Two specific times were fingered for this myth, the late Ordovician, about 444 million years ago, and the early Jurassic to Cretaceous, about 184 to 67 million years ago. The evidence of a brief glaciation during the first time period is "unequivocal" (Royer). The problem is there is only one proxy datum of carbon dioxide, but it does show a high carbon dioxide level. However, because of the sampling involved, it is sort of an average over a significantly longer time period that includes a well-studied warm event as well as the glaciation. So the statement that applies here is "more data is needed" as not much can be concluded from this one ambiguous data point.
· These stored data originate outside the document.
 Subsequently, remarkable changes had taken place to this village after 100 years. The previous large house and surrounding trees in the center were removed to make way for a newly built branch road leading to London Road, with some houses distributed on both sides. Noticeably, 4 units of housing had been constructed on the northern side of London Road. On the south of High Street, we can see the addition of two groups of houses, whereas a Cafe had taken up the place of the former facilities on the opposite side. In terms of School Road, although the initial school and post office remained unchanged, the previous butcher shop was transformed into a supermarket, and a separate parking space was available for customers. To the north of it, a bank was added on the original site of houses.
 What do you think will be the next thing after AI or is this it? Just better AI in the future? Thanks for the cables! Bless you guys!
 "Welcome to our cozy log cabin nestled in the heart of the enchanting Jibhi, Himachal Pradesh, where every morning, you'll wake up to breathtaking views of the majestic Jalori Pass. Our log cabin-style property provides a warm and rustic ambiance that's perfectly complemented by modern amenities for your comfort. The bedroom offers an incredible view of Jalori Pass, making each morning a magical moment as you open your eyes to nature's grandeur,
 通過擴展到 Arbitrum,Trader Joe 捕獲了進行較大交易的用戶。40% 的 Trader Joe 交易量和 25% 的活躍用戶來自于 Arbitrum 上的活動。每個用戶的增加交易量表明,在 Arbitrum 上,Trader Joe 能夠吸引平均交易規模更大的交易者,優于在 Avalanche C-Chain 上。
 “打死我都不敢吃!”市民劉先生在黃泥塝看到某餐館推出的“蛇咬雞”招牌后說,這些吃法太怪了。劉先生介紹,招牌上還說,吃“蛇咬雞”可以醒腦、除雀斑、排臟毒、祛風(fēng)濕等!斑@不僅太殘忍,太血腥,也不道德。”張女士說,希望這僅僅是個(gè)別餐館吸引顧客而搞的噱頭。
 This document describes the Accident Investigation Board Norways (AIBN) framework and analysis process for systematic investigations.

Turning to the second time period, there is no direct evidence of glaciers or ice sheets (such as glacial till, striations in rocks, etc.) during this entire period. There are six cool events that Royer examined. The first two are correlated with low carbon dioxide levels. The third falls in a time range (about 141 ot 136 million years ago) where no proxy data are available. Although there were high carbon dioxide levels indicated by proxies before and after this event, which consisted of a couple of shorter cool events, there is one rather low level that falls just after the end of the second cool event. More data is needed for this time period. The fourth event also contained two cool subevents (150 to 144 and 125 to 112 million years ago). However, although once again there is need for more data, there is no contradiction between proxy carbon dioxide levels and temperature. The last event spans a data-rich time in the geological record for carbon dioxide. The two cool shorter events during this time correspond to relatively low carbon dioxide levels.
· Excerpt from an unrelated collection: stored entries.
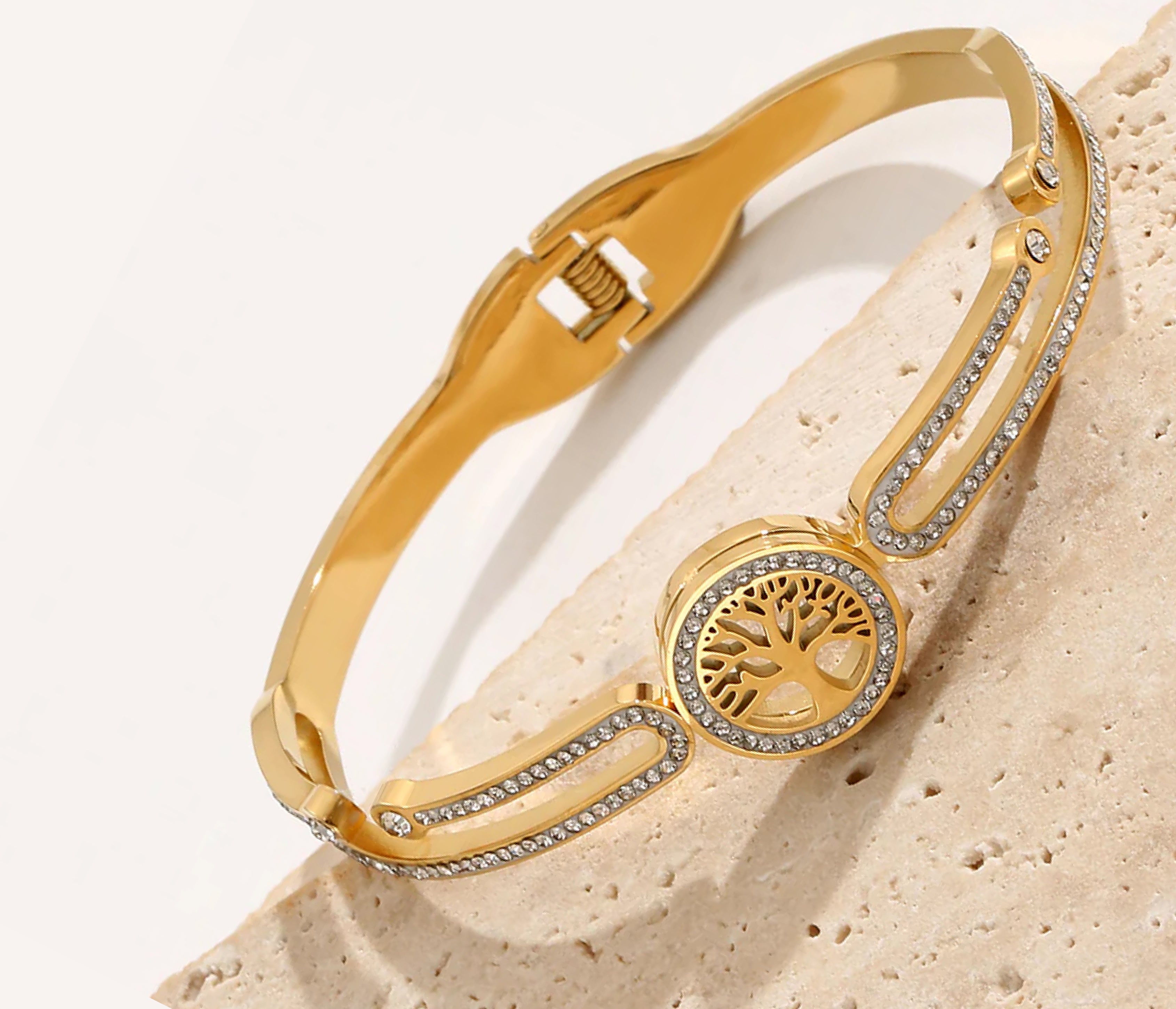 Discover timeless elegance with this 18K gold-plated stainless steel Life Tree cuff bracelet, designed to symbolise growth, strength, and connection. Featuring a refined Tree of Life design accented with sparkling zirconia stones, this bracelet blends...
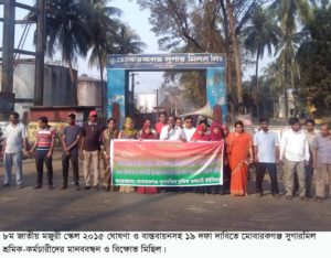 মানববন্ধনে বক্তারা জাতীয় মজুরী স্কেল ২০১৫ ঘোষণা সহ ১৯ দফা দাবি বাস্তবায়নে সরকারের নিকট জোর দাবি জানান।
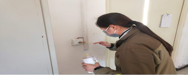 擦拭操作臺、門把手,及時進行衛(wèi)生消毒
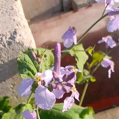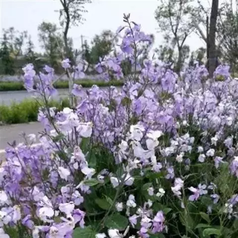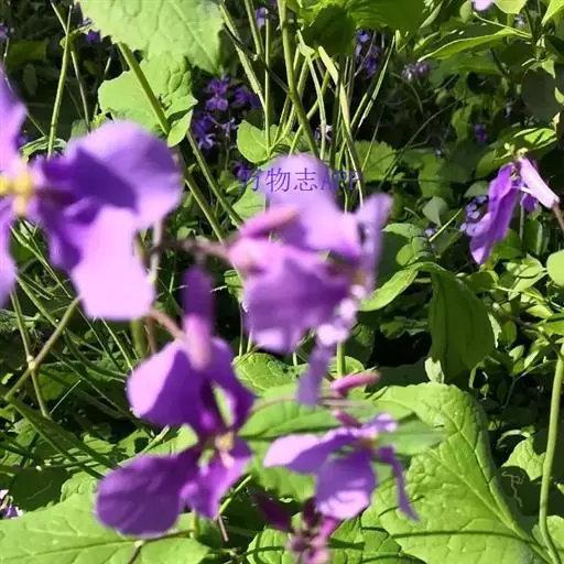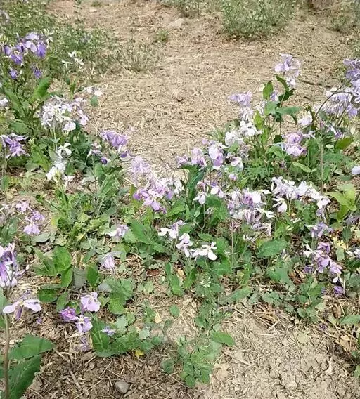 紫色的诸葛菜花 田间管理间苗与补苗:直播苗可在苗高8-10厘米时间苗,株距10-15厘米。移植苗在移栽1周后检查移栽苗成活情况,如有缺苗要及时补栽。

In conclusion, it appears the claim there were extensive glaciations during high atmospheric carbon concentrations in the past is without merit. The few higher carbon dioxide levels found in the time vicinity of cool events are poorly correlated to those events. My truth-o-meter rates this claim as one leg of the pants on fire (Drop and roll!).

Myth No. 27: Greenhouse gases such as carbon dioxide act like a blanket to warm the Earth.

This is more of a misconception than a myth, but it can lead to climate-denial talking points like Myth No. 2. A blanket keeps you warm due to its rather low thermal conductivity; that is, heat can't move through a blanket as readily as it can through a single pane of glass for instance. The side of the blanket above you warms up such that the temperature difference between you and your environment (the near side of the blanket) is reduced, and a reduced temperature difference slows the flow of heat from your body.

What really happens is that greenhouse gases absorb infrared ("heat") radiation directed upward from the Earth's surface and re-emit in all directions, up as well as down. So the effect is more like getting warm from a radiant heater or a fire, except that the gases don't create the heat like a heater does; they just redirect the heat. This is indeed like a blanket, since it doesn't produce its own heat either. So the net result, blanket or gas, is pretty much the same, but the mechanism is different.